- HBO spent a staggering amount of money on a pilot for a prequel to Game of Thrones before deciding it could never be turned into a series
- A former executive at the network estimates the episode cost at least $30 million to make
- Read more television news here
On May 19, 2019, the Prestige Television Era that was ushered in by HBO in the late 1990s essentially came to an end in the most underwhelming manner possible with the airing of the final episode of Game of Thrones, a series that didn’t end with a bang nor a whimper but with the sound of the kind of fart that makes you have to head to the bathroom to check your underwear.
As we recently learned, George R.R. Martin was one of the many people who voiced some concern about the direction the show was heading around the time it stopped being appointment television and started being the kind of series you’d only recommend to an enemy so they can waste more than 60 hours of their life they’ll never get back.

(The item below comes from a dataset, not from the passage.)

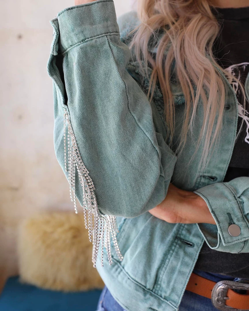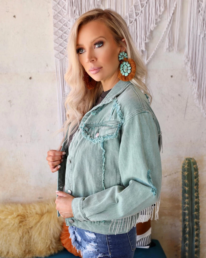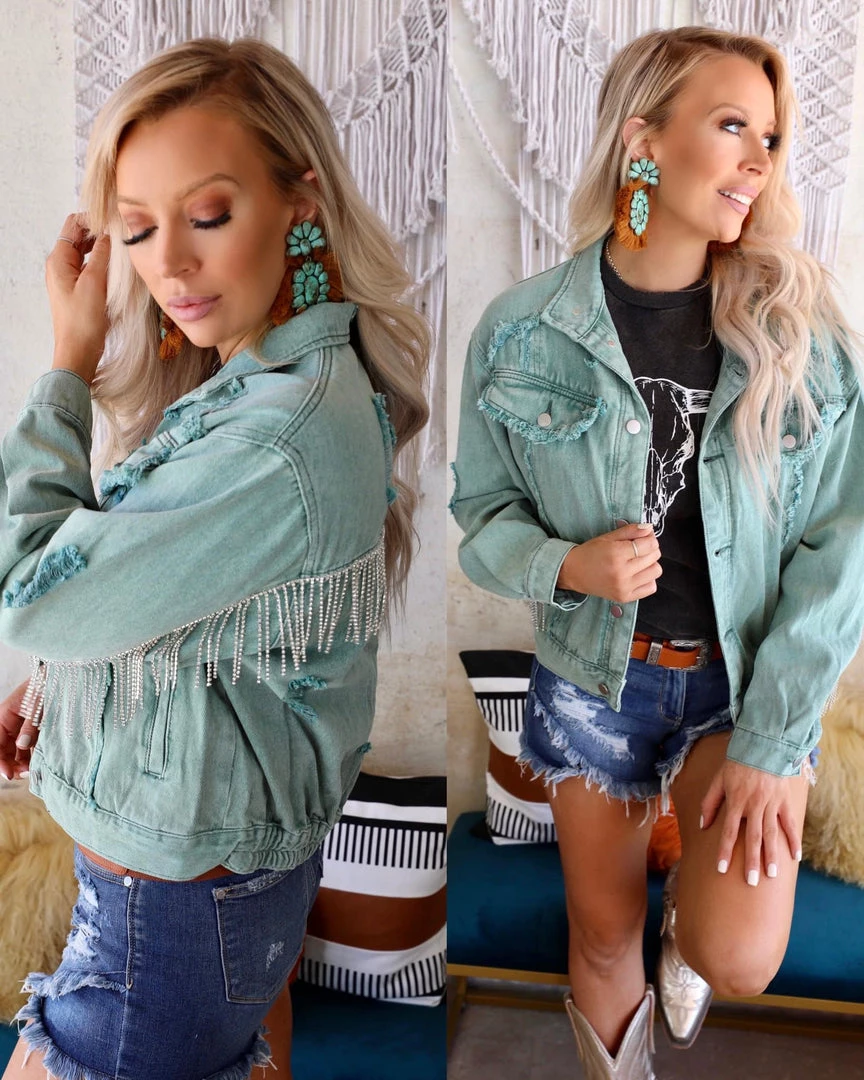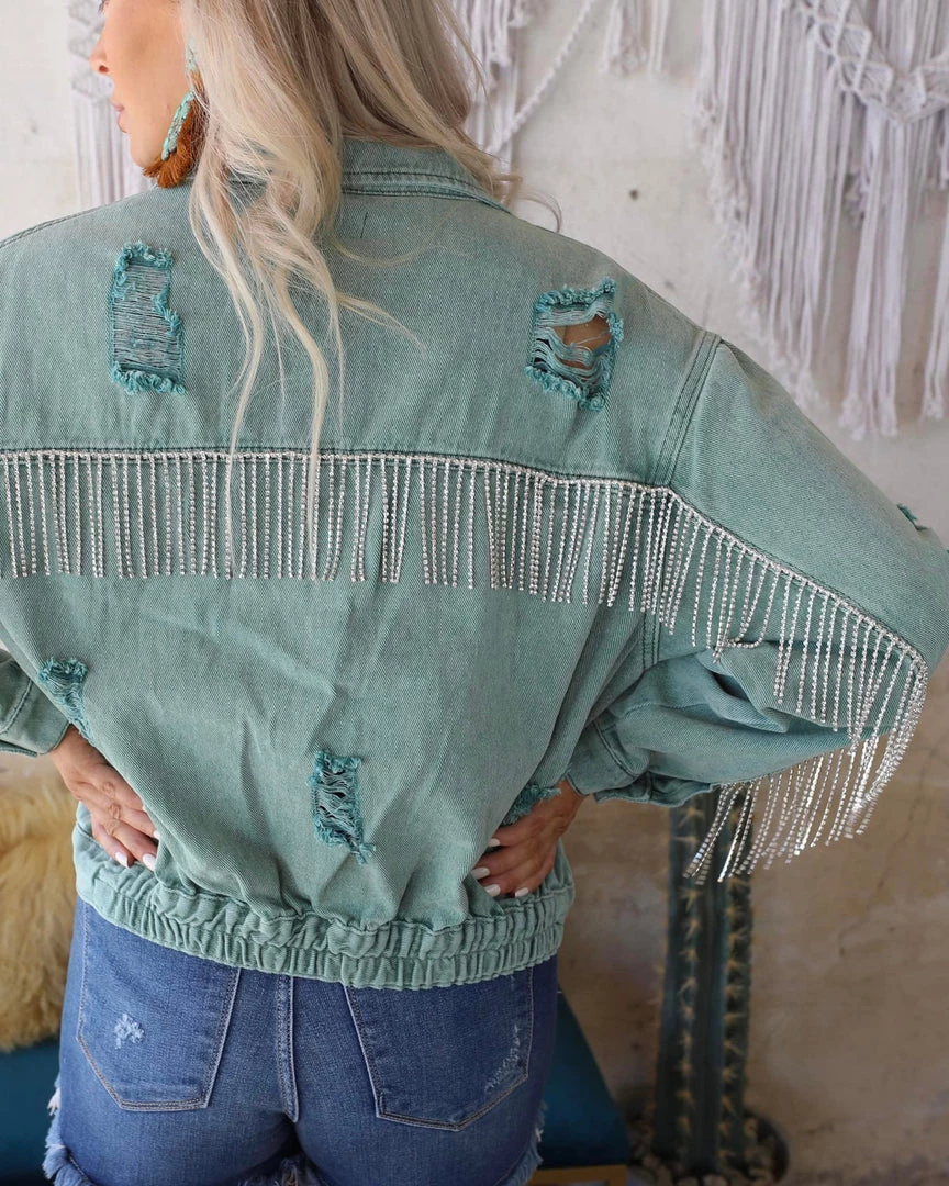 Designed in standing collar jacket, relaxed fit with back elastic band, featured in twill denim with fringe trim.

Game of Thrones may have left a taste in the mouth of many fans that makes sucking on a lemon Warhead seem like a dandy time, but that hasn’t stopped the network behind it from attempting to milk the property for all it’s worth. Earlier this year, HBO revealed its plan to add more spinoff projects into an already crowded development pipeline that includes the prequel series Tales of Dunk and Egg and House of the Dragon (the latter of which got a teaser back in October).
HBO had also planned to release another prequel tentatively titled The Long Night, but in 2019, it announced it had decided to shelve the series after a pilot featuring Naomi Watt in a lead role was filmed in Northern Ireland—and based on details shared by an executive in a new book, that decision came at one hell of a cost.

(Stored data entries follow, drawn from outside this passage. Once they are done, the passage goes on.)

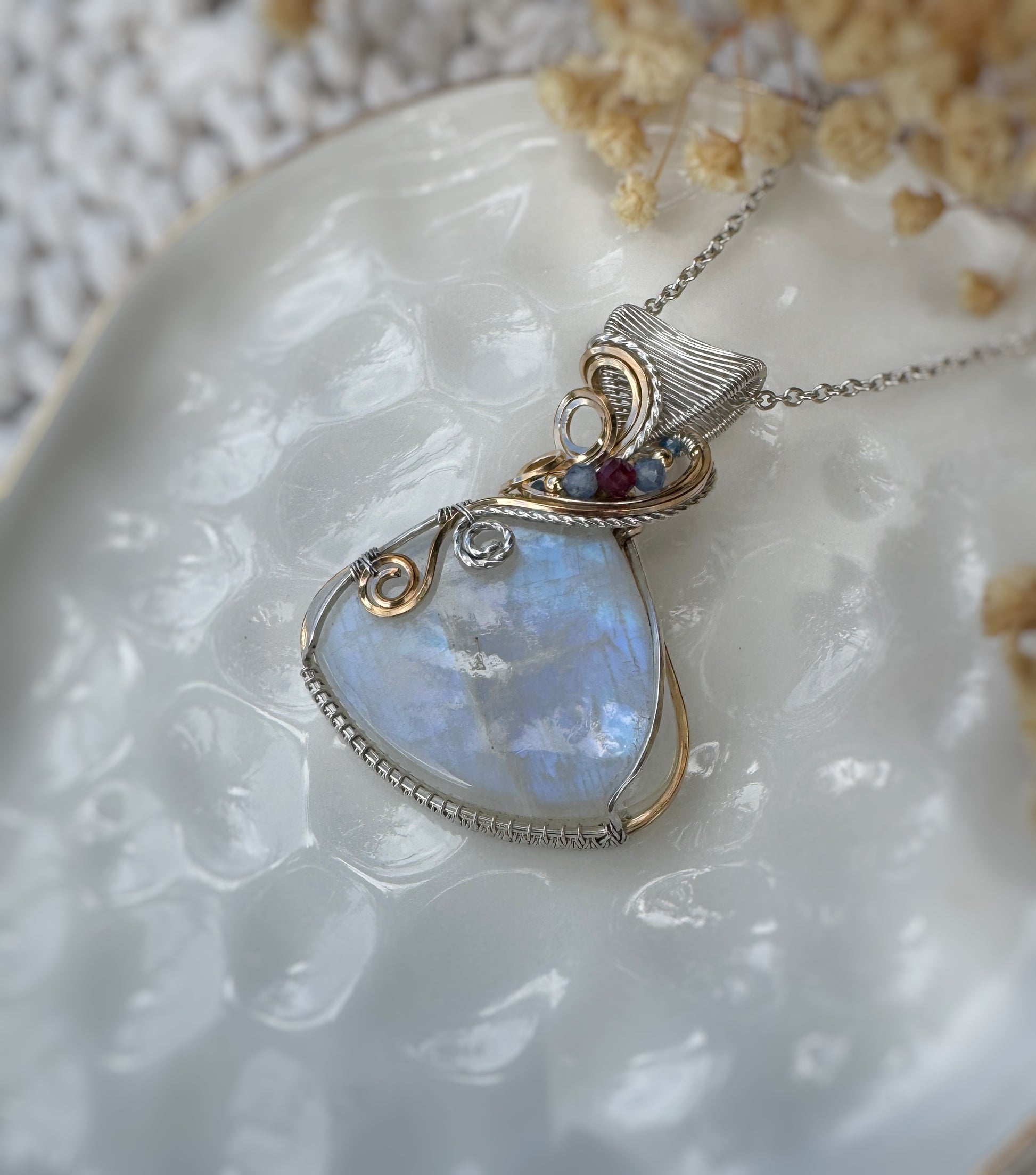 Moonstone, Red/Pink Rubellite, Blue Kyanite necklace in mixed metals (14k Gold Filled & Argentium Silver)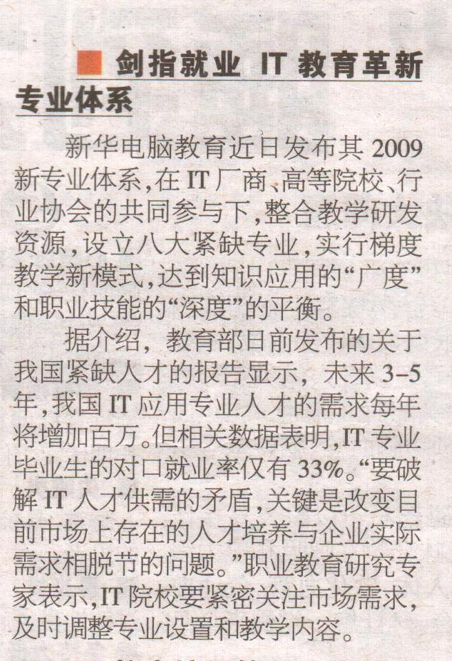 當前位置:首頁 > 新聞中心 > 青春新華 > 《參考消息》報道:劍指就業(yè) IT教育革新專業(yè)體系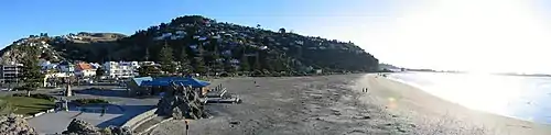 Shag Rock, or Rapanui, is another large volcanic outcrop at the western end of the beach and sits at the mouth of the Estuary formed by the Avon and Heathcote rivers.[14] This landmark was shattered by the Christchurch earthquakes in 2011, which reduced the iconic rock to a pile of boulders.[14]
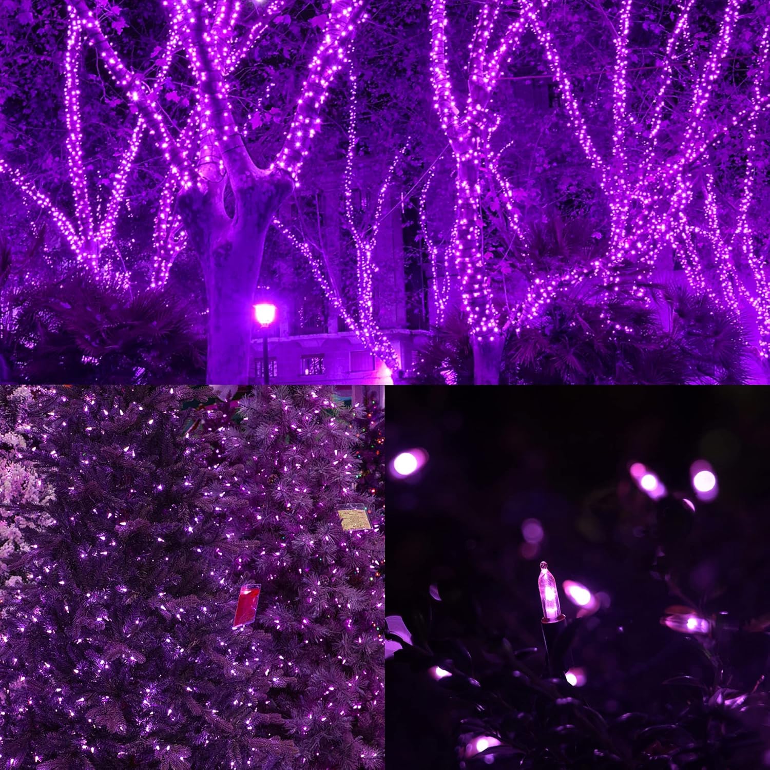 - [8 Lighting Modes]: Halloween purple range mini string light has 8 lighting modes for you to choose - Combination, In waves, Sequential, Slow Glow, Chasing/Flash, Slow fade, Twinkle/Flash, Steady on. Adjust the lighting modes by pressing the round button on the battery box.

According to Insider, the recently released Tinderbox contains an interview between author James Andrew Miller and Bob Greenblatt, who took on the role of chairman of WarnerMedia Entertainment in 2019 before being fired the following year.

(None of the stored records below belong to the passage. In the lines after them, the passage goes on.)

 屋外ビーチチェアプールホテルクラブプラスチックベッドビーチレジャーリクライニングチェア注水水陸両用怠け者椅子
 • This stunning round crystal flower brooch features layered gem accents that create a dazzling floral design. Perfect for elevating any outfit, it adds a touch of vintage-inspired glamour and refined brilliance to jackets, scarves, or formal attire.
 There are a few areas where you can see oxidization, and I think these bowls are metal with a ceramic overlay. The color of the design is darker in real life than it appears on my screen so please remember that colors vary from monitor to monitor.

While he may not have left a huge mark during his brief tenure, he did play a key role in deciding to pull the plug on the aforementioned prequel after viewing a pilot that set HBO back a very pretty penny:
“They had spent over $30 million on a Game of Thrones prequel pilot that was in production when I got there And when I saw a cut of it in a few months after I arrived, I said to Casey [Bloys], ‘This just doesn’t work and I don’t think it delivers on the promise of the original series.’
And he didn’t disagree, which actually was a relief. So we unfortunately decided to pull the plug on it. There was enormous pressure to get it right and I don’t think that would have worked.”
Credit where credit is due for not falling victim to the sunk cost fallacy, but it’s still pretty wild to think HBO spent $30 million on a single episode of television that will never see the light of day.